Toujours dans le mail du 7 avril, Me Kailash Trilochun affirme que lors de la réunion avec le PM, celui-ci aurait fait comprendre au Chairman de l’ICTA qu’il souhaitait donner le dossier à l’avocat. «The Prime Minister made it very clear in the presence of the Chairperson that he never asked for my contract as the legal adviser of the ICTA to be revoked. He never said the (sic) henceforth the SLO will be the adviser of the ICTA. He has asked that I be instructed as the legal adviser immediately. As a QC himself he understands that we are running out of time to prepare the case.»

Un peu plus loin, Me Kailash Trilochun écrit: «Il était convenu que j’allais être payé par heure.» Et dans ce mail, lit-on, l’homme de loi fait ressortir que le payer par heure n’était pas à l’avantage de l’ICTA, mais que cela semblait être le plan d’action privilégié. Le montant était de 400 dollars par heure pour une équipe de quatre personnes.

Extraits de courriels envoyés par Me Trilochun aux membres du «board» de l’ICTA le 7 avril et le 21 mars.
Extraits de courriels envoyés par Me Trilochun aux membres du «board» de l’ICTA le 7 avril et le 21 mars.

Par ailleurs, l’avocat reproche aux destinataires du courriel de ne pas avoir informé le Premier ministre de l’ampleur de cette affaire. «Il ne connaît rien du dossier, plus particulièrement que la réclamation s’élève à Rs 1,1 milliard et avec les intérêts, il sera considérablement supérieur», leur a-t-il rappelé.

Dans son communiqué émis tard mardi soir, Me Kailash Trilochun parle effectivement d’une réunion de haut niveau trois semaines après la révocation de son contrat comme avocat. C’est le 21 mars que son contrat a été révoqué une première fois par l’ICTA. Dans le même communiqué, il soutient avoir prévenu que la formule utilisée pour calculer ses honoraires n’était pas à leur avantage. «Mon avertissement a été ignoré», a-t-il écrit.

L’express a contacté le Chairman de l’ICTA. Un de ses proches a déclaré qu’il ne ferait pas de déclaration étant en congé maladie. Me Kailash Trilochun n’a répondu ni à nos appels téléphoniques ni à notre courriel. Rien non plus du côté du bureau du Premier ministre. Les membres du conseil d’administration de l’ICTA n’ont pas voulu faire de commentaires.

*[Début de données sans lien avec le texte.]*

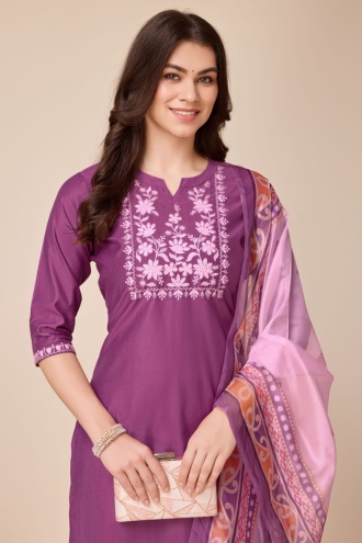 Purpleish Vatican Kurti Set with Chinnon Dupatta – 3/4 Sleeves

Me Valayden réclame une commission d’enquête

L’avocat Rama Valayden a eu la copie des courriers électroniques par courrier. C’est au nom de la bonne gouvernance et de la transparence, dit-il, qu’il en a fait parvenir une copie à l’express. «Je réclame une commission d’enquête pour faire la lumière sur cette affaire.» Ce n’est pas la première fois qu’il envoie des documents à la presse.